▸ MATERIAL TO PROCESS:
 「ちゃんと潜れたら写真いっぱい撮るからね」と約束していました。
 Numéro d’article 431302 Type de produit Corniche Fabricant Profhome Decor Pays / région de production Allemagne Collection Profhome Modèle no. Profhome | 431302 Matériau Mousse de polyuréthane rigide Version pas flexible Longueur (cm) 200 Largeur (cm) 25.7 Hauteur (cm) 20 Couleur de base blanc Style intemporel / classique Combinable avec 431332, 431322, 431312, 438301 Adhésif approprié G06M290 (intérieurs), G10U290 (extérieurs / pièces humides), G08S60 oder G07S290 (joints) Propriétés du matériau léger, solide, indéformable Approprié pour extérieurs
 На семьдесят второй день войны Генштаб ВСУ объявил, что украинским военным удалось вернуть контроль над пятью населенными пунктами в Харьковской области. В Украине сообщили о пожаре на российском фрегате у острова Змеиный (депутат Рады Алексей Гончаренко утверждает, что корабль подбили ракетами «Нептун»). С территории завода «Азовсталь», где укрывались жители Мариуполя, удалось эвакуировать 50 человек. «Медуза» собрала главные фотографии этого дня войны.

* * *

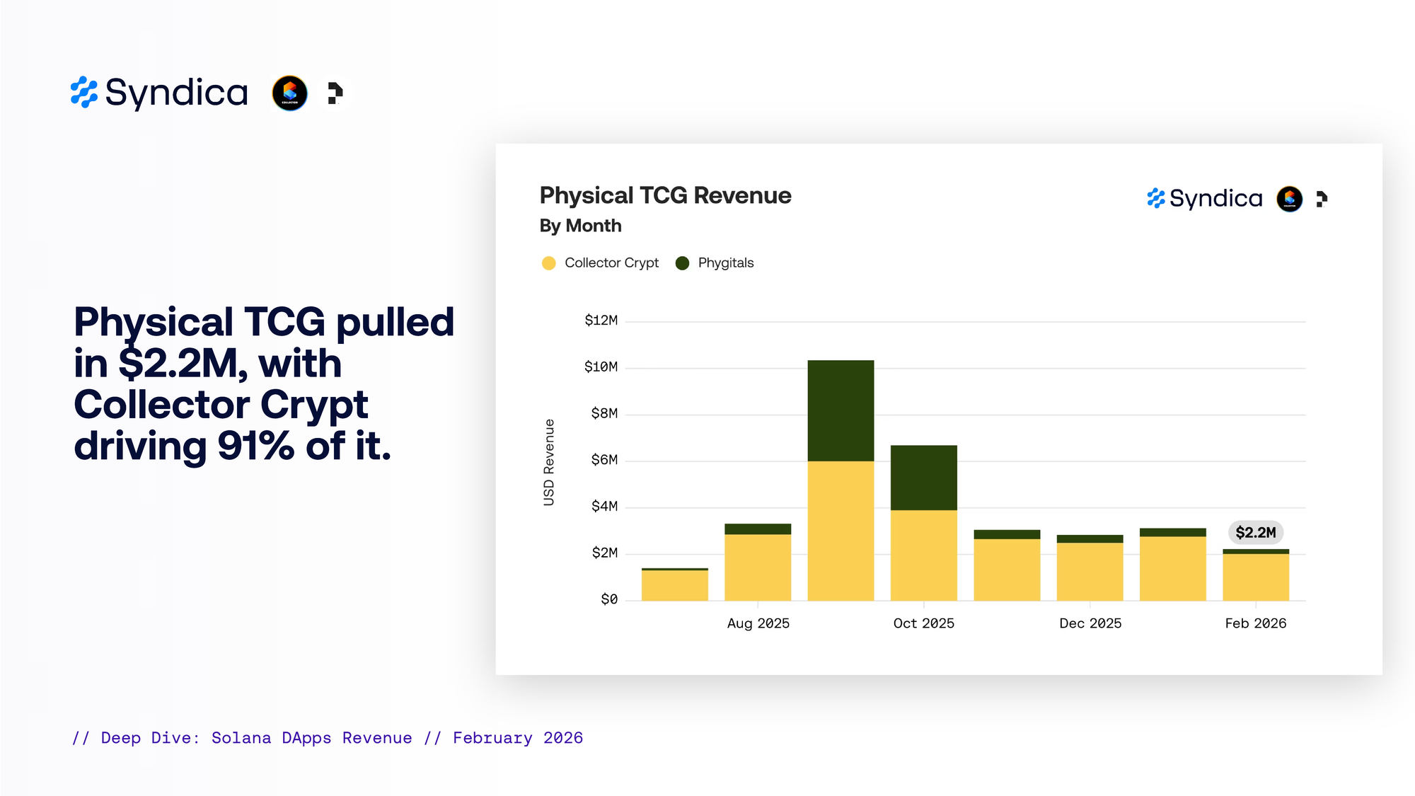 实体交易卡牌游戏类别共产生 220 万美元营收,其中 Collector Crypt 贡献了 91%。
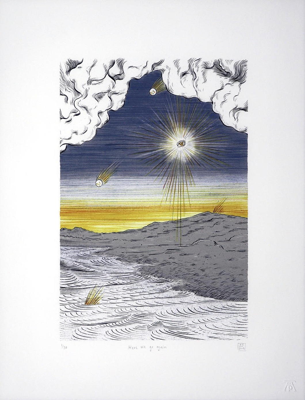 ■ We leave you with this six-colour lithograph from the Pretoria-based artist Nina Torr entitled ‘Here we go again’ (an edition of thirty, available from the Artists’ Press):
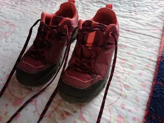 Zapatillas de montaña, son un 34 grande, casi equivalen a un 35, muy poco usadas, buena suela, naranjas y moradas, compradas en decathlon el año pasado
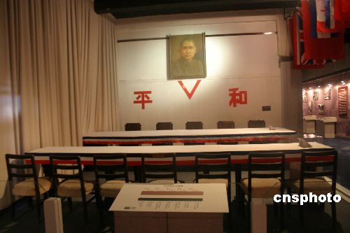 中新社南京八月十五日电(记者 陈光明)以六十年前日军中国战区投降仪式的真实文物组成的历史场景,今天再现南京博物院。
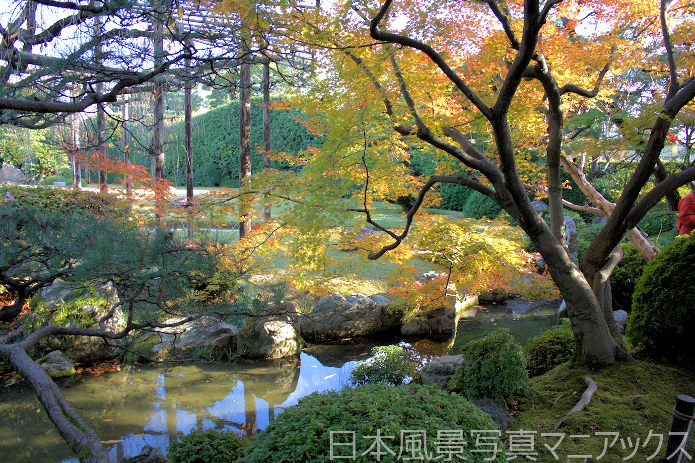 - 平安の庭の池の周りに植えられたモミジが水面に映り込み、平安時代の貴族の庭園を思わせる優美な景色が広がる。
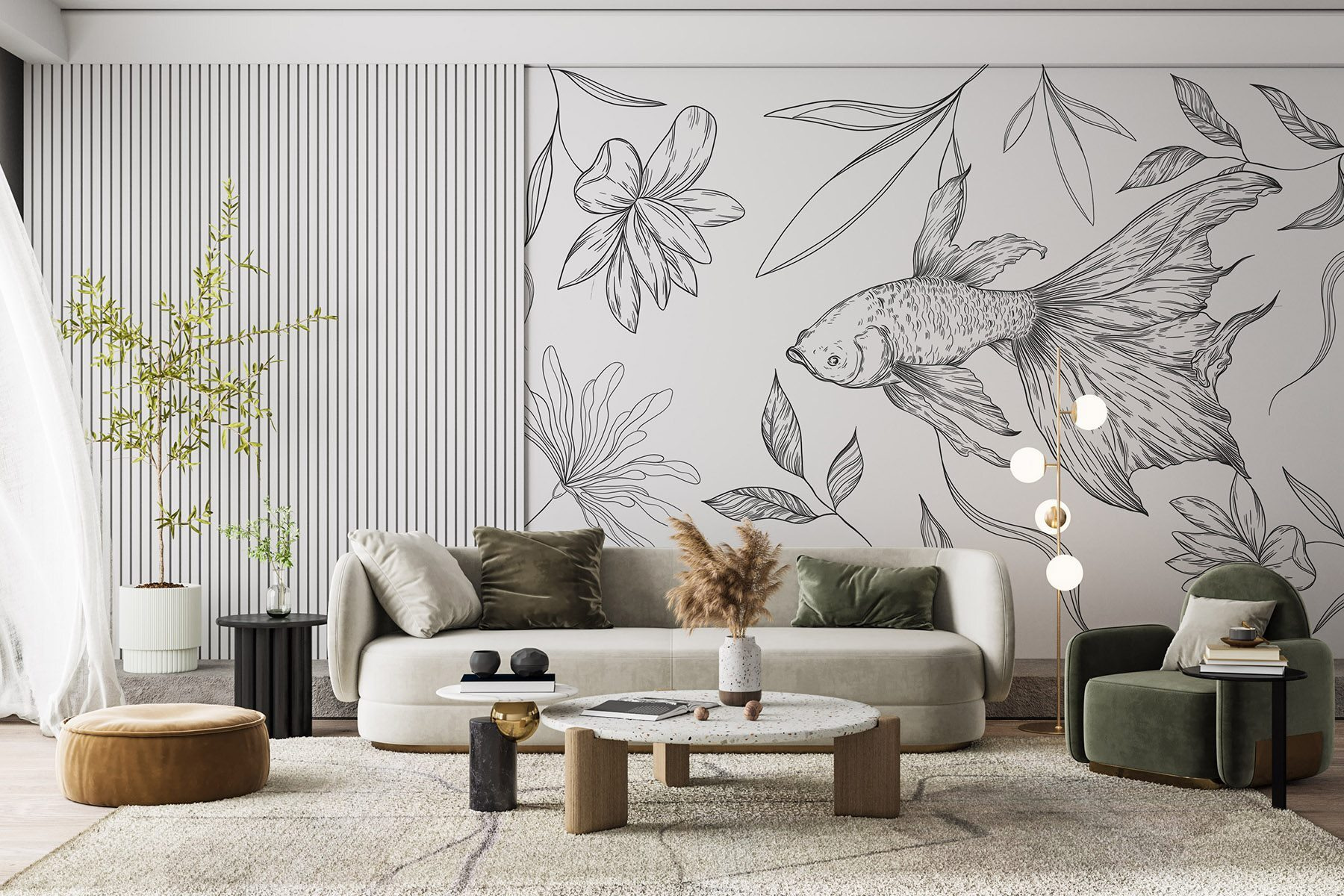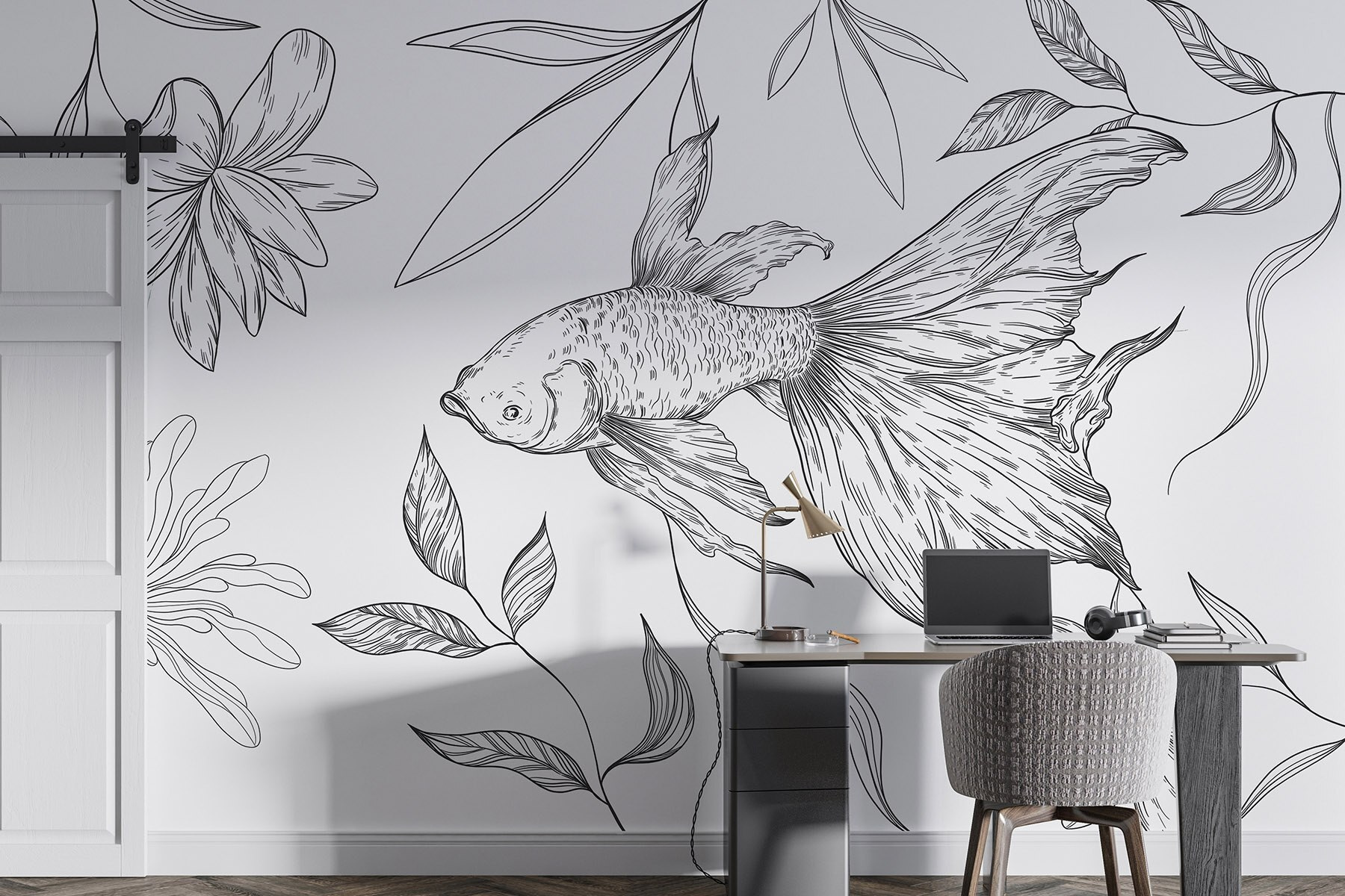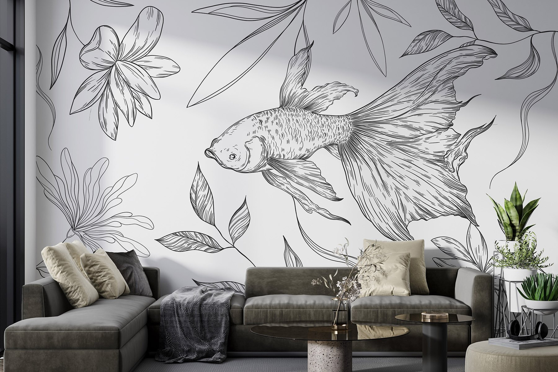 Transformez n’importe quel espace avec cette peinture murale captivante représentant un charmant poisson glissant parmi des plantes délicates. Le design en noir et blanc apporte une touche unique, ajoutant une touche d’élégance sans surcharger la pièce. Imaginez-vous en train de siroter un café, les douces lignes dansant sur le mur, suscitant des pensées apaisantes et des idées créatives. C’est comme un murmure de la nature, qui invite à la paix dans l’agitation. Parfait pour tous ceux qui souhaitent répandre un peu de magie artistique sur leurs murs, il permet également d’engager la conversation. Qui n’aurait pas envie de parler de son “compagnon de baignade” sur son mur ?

---

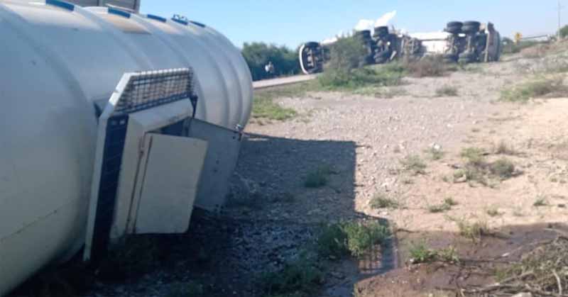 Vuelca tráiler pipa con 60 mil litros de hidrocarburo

▸ EXERCISE DETAILS: Every line above from the one with "We leave you" down to the one with "Transformez n’importe quel" must be written out exactly, and no picture may appear.

▸ REPLY:
 ■ We leave you with this six-colour lithograph from the Pretoria-based artist Nina Torr entitled ‘Here we go again’ (an edition of thirty, available from the Artists’ Press):
 Zapatillas de montaña, son un 34 grande, casi equivalen a un 35, muy poco usadas, buena suela, naranjas y moradas, compradas en decathlon el año pasado
 中新社南京八月十五日电(记者 陈光明)以六十年前日军中国战区投降仪式的真实文物组成的历史场景,今天再现南京博物院。
 - 平安の庭の池の周りに植えられたモミジが水面に映り込み、平安時代の貴族の庭園を思わせる優美な景色が広がる。
 Transformez n’importe quel espace avec cette peinture murale captivante représentant un charmant poisson glissant parmi des plantes délicates. Le design en noir et blanc apporte une touche unique, ajoutant une touche d’élégance sans surcharger la pièce. Imaginez-vous en train de siroter un café, les douces lignes dansant sur le mur, suscitant des pensées apaisantes et des idées créatives. C’est comme un murmure de la nature, qui invite à la paix dans l’agitation. Parfait pour tous ceux qui souhaitent répandre un peu de magie artistique sur leurs murs, il permet également d’engager la conversation. Qui n’aurait pas envie de parler de son “compagnon de baignade” sur son mur ?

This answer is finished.